(Originally posted 2011-05-20.)
Following on from this post and this one, this post discusses the DFSORT piece.
The DFSORT code in this post parses the Comma-Separated Variable (CSV) file produced by XSLT processing. In this simple example it merely produces a flat file report, but the post has a few additional details you might find valuable.
First, here’s the SORTIN DD JCL statement. It’s not like a regular sequential file statement as it has to access the zFS file system we wrote the data to with Saxon:
JCL SORTIN DD Statement |
//SORTIN DD PATHOPTS=(ORDONLY),RECFM=VB,LRECL=255,BLKSIZE=32760, // PATH='/u/userzfs/myuserid/testXSL.txt',FILEDATA=TEXT |
Of particular note in this DD statement is the record format (VB), the logical record length (255) and the block size (32760). This is definitely VB data. I’ve found a LRECL greater than the maximum size Saxon has produced is fine. Similarly a sensible block size works.

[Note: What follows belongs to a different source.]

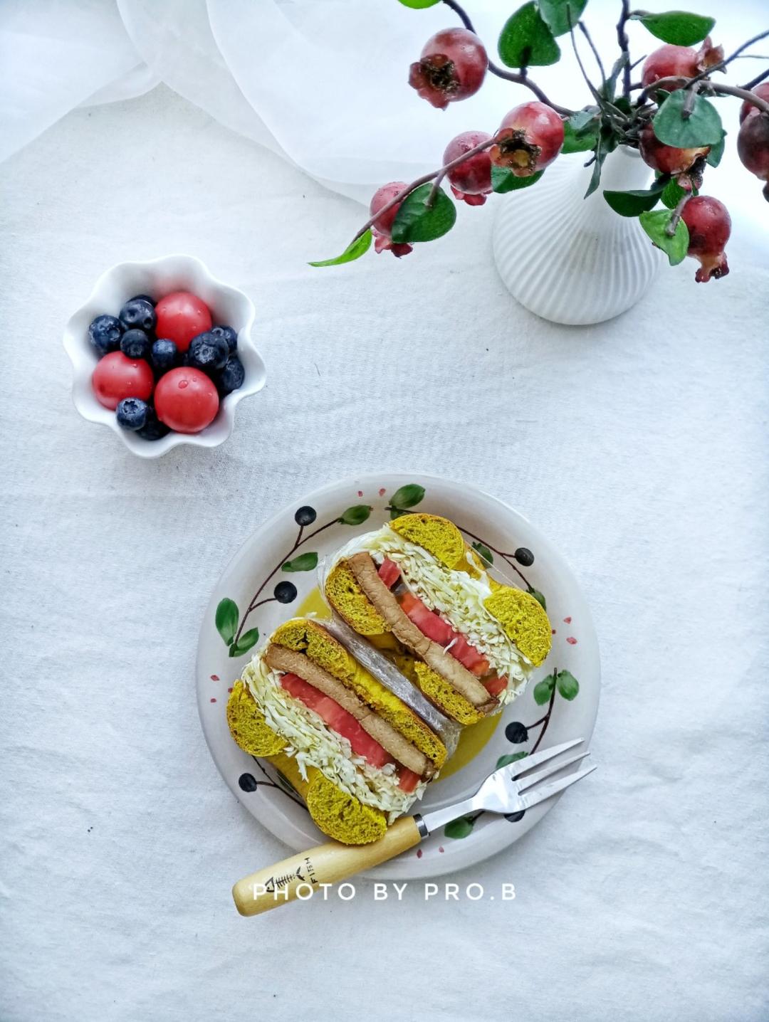 照烧猪排咖喱贝果三明治

FILEDATA=TEXT is also needed.
Here’s the SYMNAMES file:
Contents of the SYMNAMES File |
RDW,1,4,BI Row,%01 a,%02 |
You’ll need an accompanying SYMNOUT DD – for the messages DFSORT (or ICETOOL) produce when the SYMNAMES file is processed.
I’m showing you this first so you can understand the main DFSORT control statements file: Everywhere you see the symbol "Row" in these statements you can interpret it as "%01", whatever that is. Similarly for "a" and "%02". The "RDW" symbol maps the Record Descriptor Word that we need for variable-length record processing. (DFSORT can convert from variable- to fixed-record format but we won’t do that here.)
Now for the control statements:
Contents of the SYSIN File |
OPTION COPY,VLSHRT 1 INCLUDE COND=(1,2,BI,GE,+12) 1 INREC IFOUTLEN=70, 2 IFTHEN=(WHEN=INIT, 3 PARSE=(%01=(STARTAFT=C'"',ENDBEFR=C'",',FIXLEN=10), 4 %02=(FIXLEN=8)), 5 BUILD=(1,4,%01,%02)), 6 IFTHEN=(WHEN=INIT,BUILD=(RDW,Row,X,a,SFF,EDIT=(I,IIT))) 7 |
This is a very simple case of using DFSORT. So, for example, there’s no SORT, no OUTFIL, nor any ICETOOL sophistication. It’s meant to show how you can get the data into a format DFSORT can use. Let me explain how it works:
- VLSHRT and the INCLUDE statement will, between them, remove the blank lines Saxon created.
- IFOUTLEN sets the output record length (from INREC) to 70 bytes.
- This WHEN=INIT parses the input (CSV) data.
- The %01 field is filled from after the first " and before the second (with comma) ". It becomes a fixed character field of length 10 bytes.
- The %02 field is filled with the remainder of the data in the record – for a length of 8 bytes.
- We write out the RDW and both parsed fields.
- This WHEN=INIT is used to produce the report lines. We print the %01 field ("Row"), a space, and the %02 numeric field ("a"). For the numeric field ("a") we parse the characters to extract the numeric value (with SFF) and then immediately reformat it (with EDIT=(I,IIT) ) to insert commas.
And here’s the output:
The Resultant Output |
One 1 Two 12 Three 903 |
Of course we needn’t have just printed the data, as I’ve indicated. With a more interesting data set you could do a lot more.
The use of symbols ("Row" and "a") was largely gratuitous here. It just shows you can use them. If you’re a regular DFSORT or ICETOOL user you’ll know their value.
If you were to strip this down to the bare essentials the first WHEN=INIT does most of the work – parsing the data into fixed positions. (The one really useful thing the second WHEN=INIT does is to convert the numeric field into a packed decimal number.)
So, over these three posts I’ve shown how you can use XSLT to half tame XML data and DFSORT to complete the taming. I have a couple of other things I want to talk about in relation to this. But those belong in a separate post.